The ACA MLR provisions took effect in calendar year 2011. The Department of Health and Human Services (“HHS”) announced in July 2012 that based on 2011 performance, insurers covered by the law would be required to issue about $1.1 billion in rebates to 12.8 million individuals by August 1, 2012. About 80 million people were covered by insurance plans subject to the MLR standards in 2011. Of that total, about 66.7 million were insured by companies that met the MLR standards, and 12.8 million, or 14%, were covered by companies that did not.
MLR Reporting Requirements under ACA
The ACA MLR standards require that covered insurers in the individual and small group markets meet a minimum MLR of 80%. For insurers that sell large group plans, the minimum MLR is 85%. The higher MLR requirement for the large group market accounts for economies of scale; in other words, it’s more efficient to sell insurance to a large company that will offer coverage for many individuals and families than it is to have to market a product to one individual at a time, or to firms that cover a smaller group of individuals. Thus, the higher MLR standard for large companies reflects their assumed lower administrative costs.
For purposes of calculating the MLR, the ACA defines large group policies as policies sold to employers with more than 100 workers, and small group policies as those up to and including 100 workers. Individual policies can be policies bought through an insurance agent or broker, or through an association that is not part of a larger group policy. Once health insurance exchanges are established in 2014, an individual plan could be one purchased through an exchange.
In addition, MLR reporting requirements exclude premiums and claims experience of newly introduced health insurance offerings, under certain circumstances.
Timeline for Compliance
Under ACA, health insurers were required to provide their first MLR reports to the HHS by June 1, 2012, detailing financial activity for 2011. Each insurer covered by the law must report aggregated activity within each state for the three market segments: large group, small group, and individual policies. If a group policy covers workers in more than one state, the activity is recorded in the state where the policy is issued. Going forward, the ACA requires annual reports by June 1 of the year following the calendar year on which the MLR calculation is based. The rules to implement the ACA MLR policies allow penalties to be imposed on companies that do not comply with reporting, auditing, rebate, or other requirements, equal to $100 per entity per affected individual each day the insurer is out of compliance.
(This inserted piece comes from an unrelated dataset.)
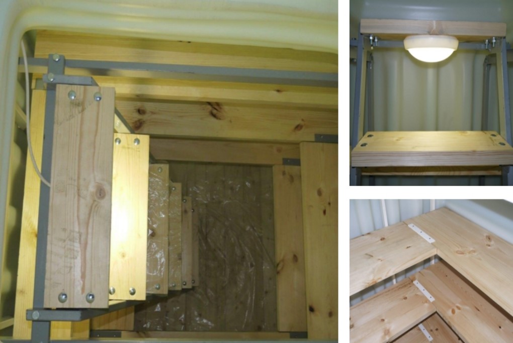 Готовый погреб представляет собой компактную цельную конструкцию в виде короба 1800 х 1700 х 2500 со встроенной приточной и вытяжной вентиляцией. Для придания повышенной прочности, стенки оснащены ребрами жесткости. В верхней части расположен вход, герметично закрываемый удобной прямоугольной крышкой. Внутри размещаются стеллажи с вместительными деревянными полками, прочная лестница, пол из деревянных досок, предусмотрено низковольтное безопасное освещение.
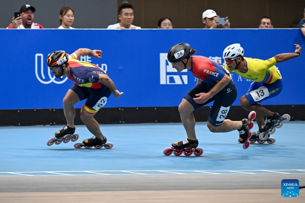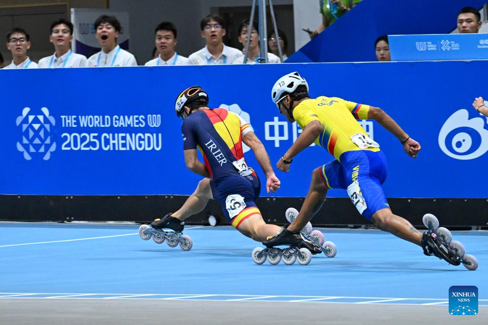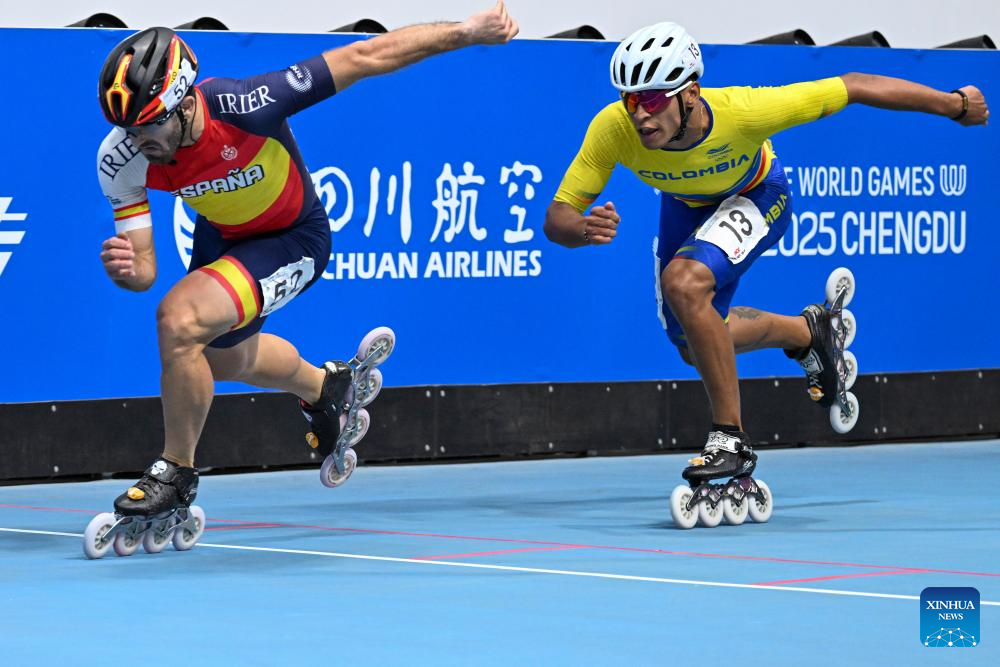 CHENGDU, 14 agosto, 2025 (Xinhua) -- Jhoan Sebastián Guzmán Bitar (i), de España, y Jhon Edwar Tascón Holguín (d), de Colombia, compiten durante la final A de esprint masculino 500 m +D de patinaje de velocidad en línea en pista en los Juegos Mundiales 2025, en Chengdu, en la provincia de Sichuan, en el suroeste de China, el 14 de agosto de 2025. (Xinhua/Xie Jianfei)

State Reporting Requirements to HHS and Treasury

  • Verification of eligibility
  • Reporting on exchange operations
  • Certification of Qualified Health Plans
  • Reporting related to Medicaid

Each state is required to report information to HHS and the Treasury for verification of eligibility. Potential data points:

  • Social Security # (for data linkages)
  • Date of Birth
  • Household Income (“MAGI”)
  • Citizenship/Immigration Status
  • Residency
  • Family Size (tax definition)

Required Electronic Data Matching for Eligibility Verification:

  • IRS
  • State Wage Information Collection Agency
  • Social Security Administration (“SSA”)
  • Other social services programs
  • Federal Data Hub
  • Public Assistance Reporting Information System (“PARIS”)
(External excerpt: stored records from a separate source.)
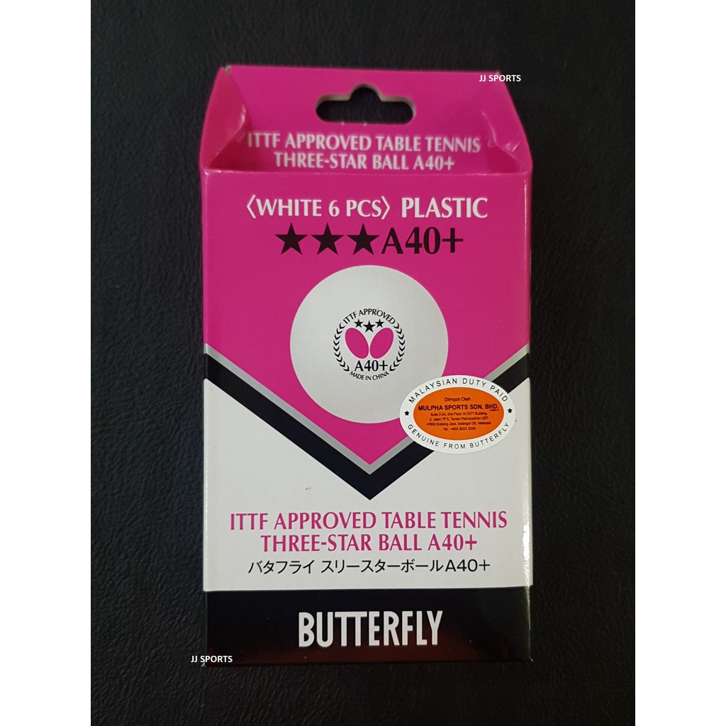 (6 in 1) Butterfly 3-Star A40+ Plastic Table Tennis Ping Pong White Ball 40mm
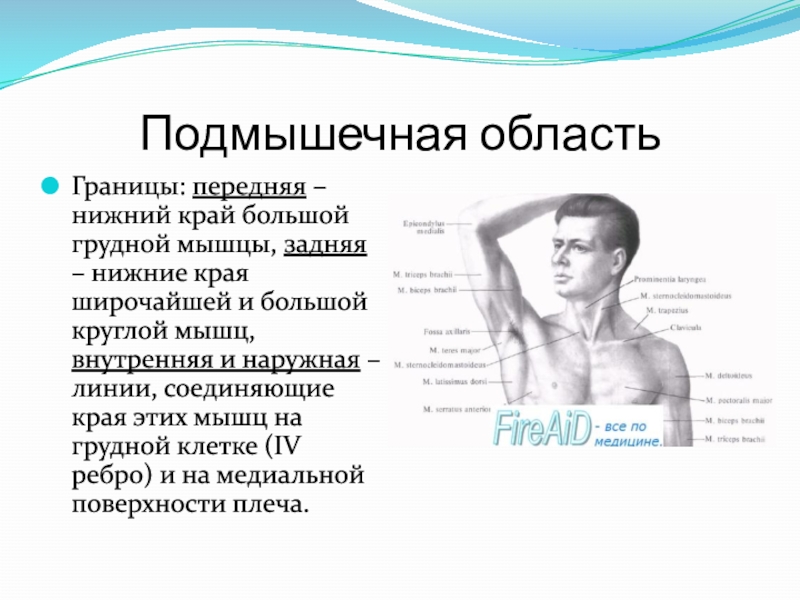 Подмышечная областьГраницы: передняя – нижний край большой грудной мышцы, задняя – нижние края широчайшей и большой круглой
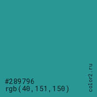 Цвет #289796 в цветовой модели RGB обозначается тремя октетами (40, 151, 150) в десятичном формате и #289796 в шестнадцатиричном (hex) формате, которые являются интенсивностью красного 40 (hex 28), интенсивность зелёного 151 (hex 97) и интенсивность синего 150 (hex 96).
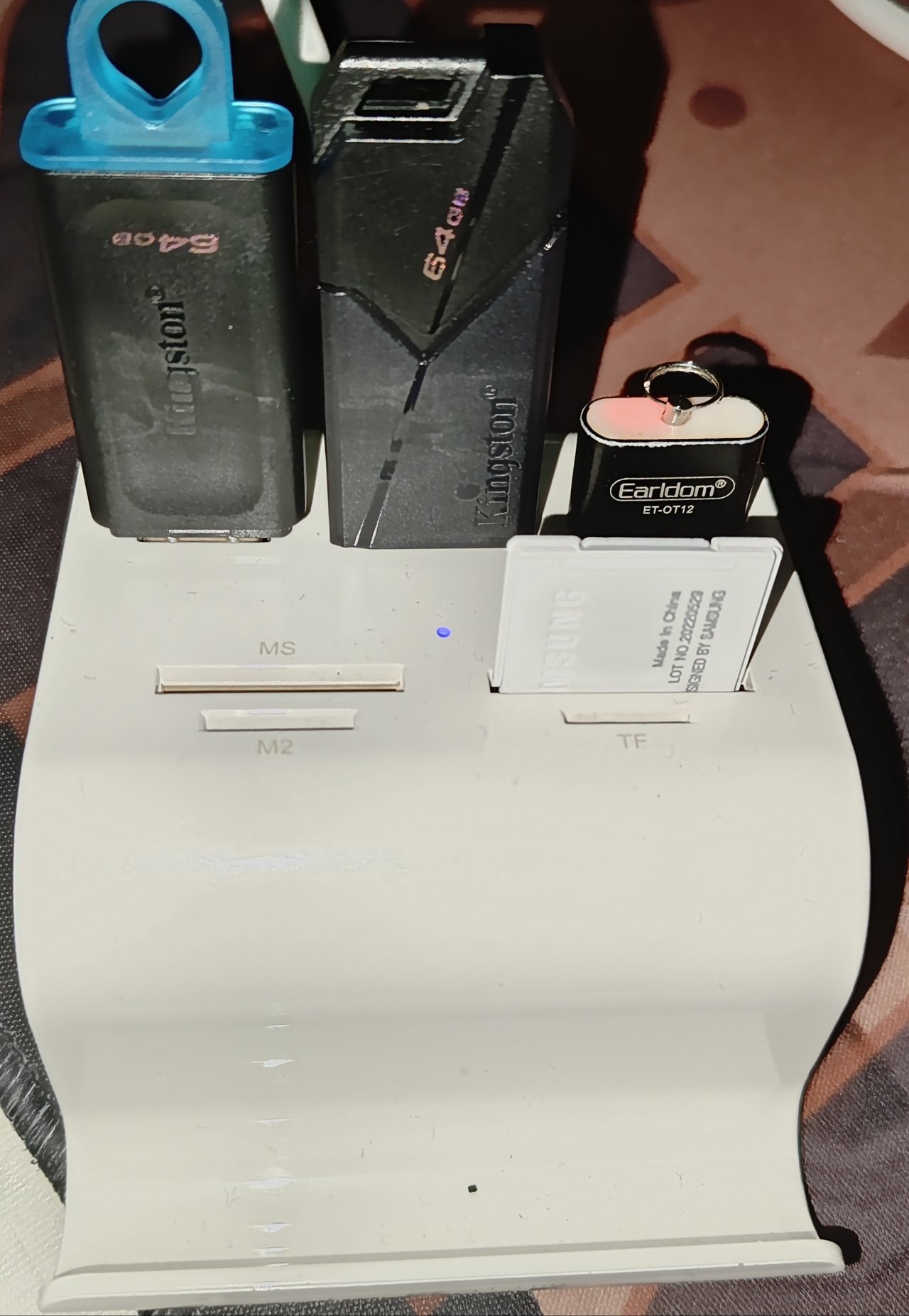 現在我把它們插在電腦上存儲一些小遊戲,文件等等,由於電腦USB接口有限,每次用一個換一個都要來回拔插,電腦USB接口都有點鬆了,所以我又買了一個USB+SD拓展塢,來一起放它們
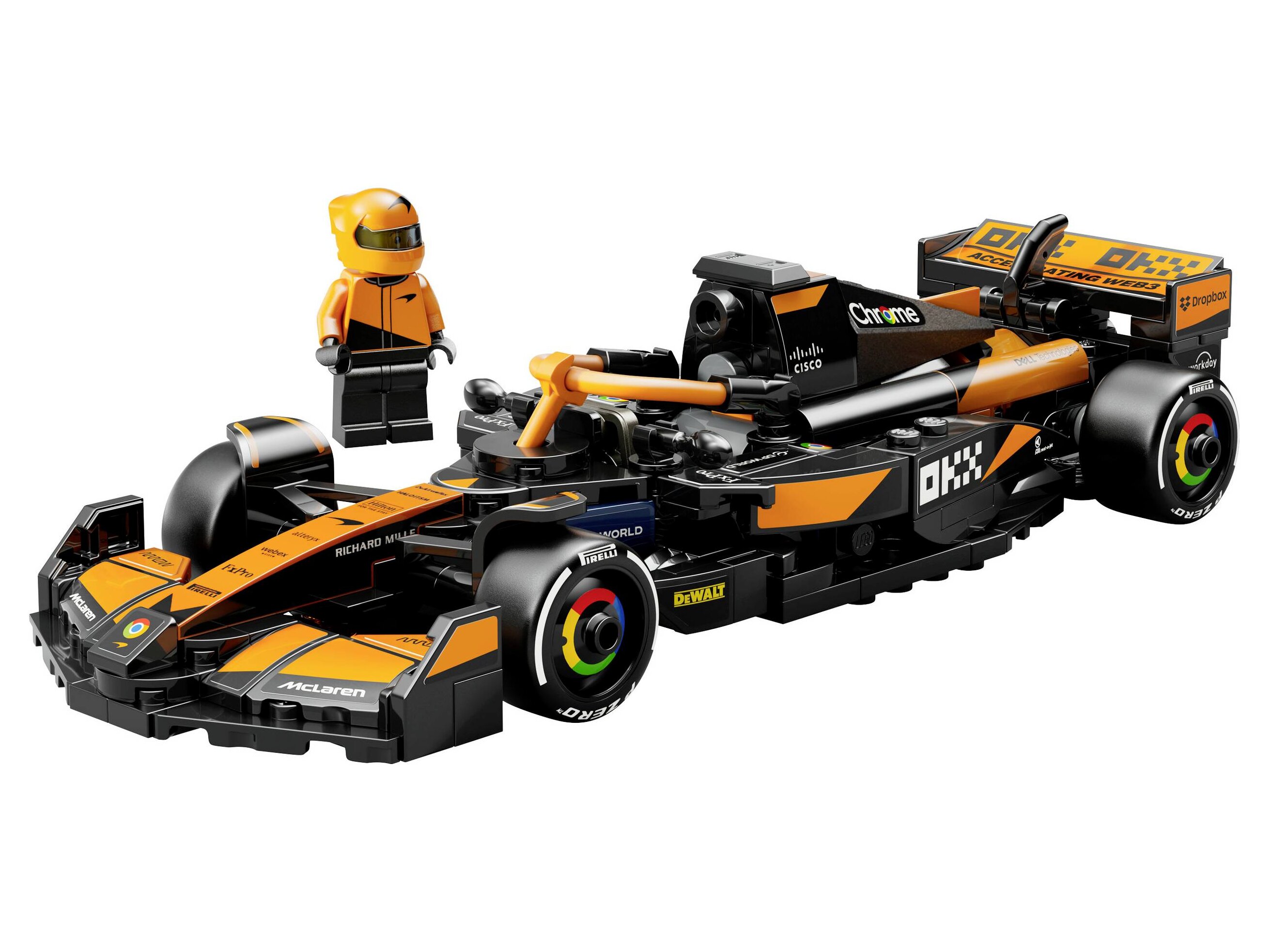 A F1 autómodell nyitható fülkével (a „glória” bukókeret felemelésével), hátsó szárnnyal, kereszt-lengőka ros felfüggesztéssel, szponzormatricákkal és „Pirelli” feliratú, szélesebb hátsó gumiabroncsokkal van ellátva. A játék autóhoz egy pilóta minifigura is tartozik, aki McLaren öltözéket és szárnyas sisakot visel, és akit a fülkébe ültethetsz az izgalmas versenyek során.
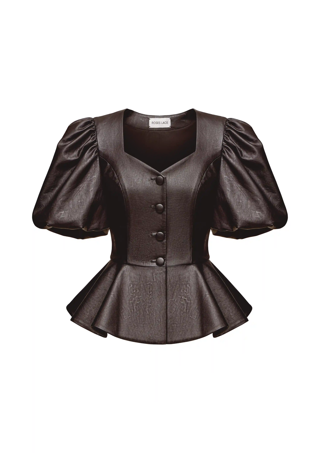 Kerelin midi, midi skirt made of chocolate eco-leather
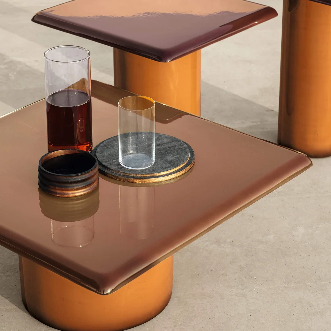 Όπως και το side table, το Snap Coffee Table του Francesco Favaretto παρουσιάζει γυαλιστερή, ανθεκτική κατασκευή από fiberglass σε τετράγωνο χαμηλό σχήμα. Μινιμαλιστικό, κομψό και κατάλληλο για εσωτερικούς και εξωτερικούς χώρους.

Employers should consider the above information when assessing current healthcare plans and making changes to comply with new regulations. Due to the nature of these changes and the uncertainty of the future of health care reform, companies are advised to seek legal counsel at an early stage in the process when handling such issues.

Kristin Nealey Meier is an attorney in Ryan, Swanson & Cleveland, PLLC’s Healthcare Group and can be reached at kmeier@ryanlaw.com.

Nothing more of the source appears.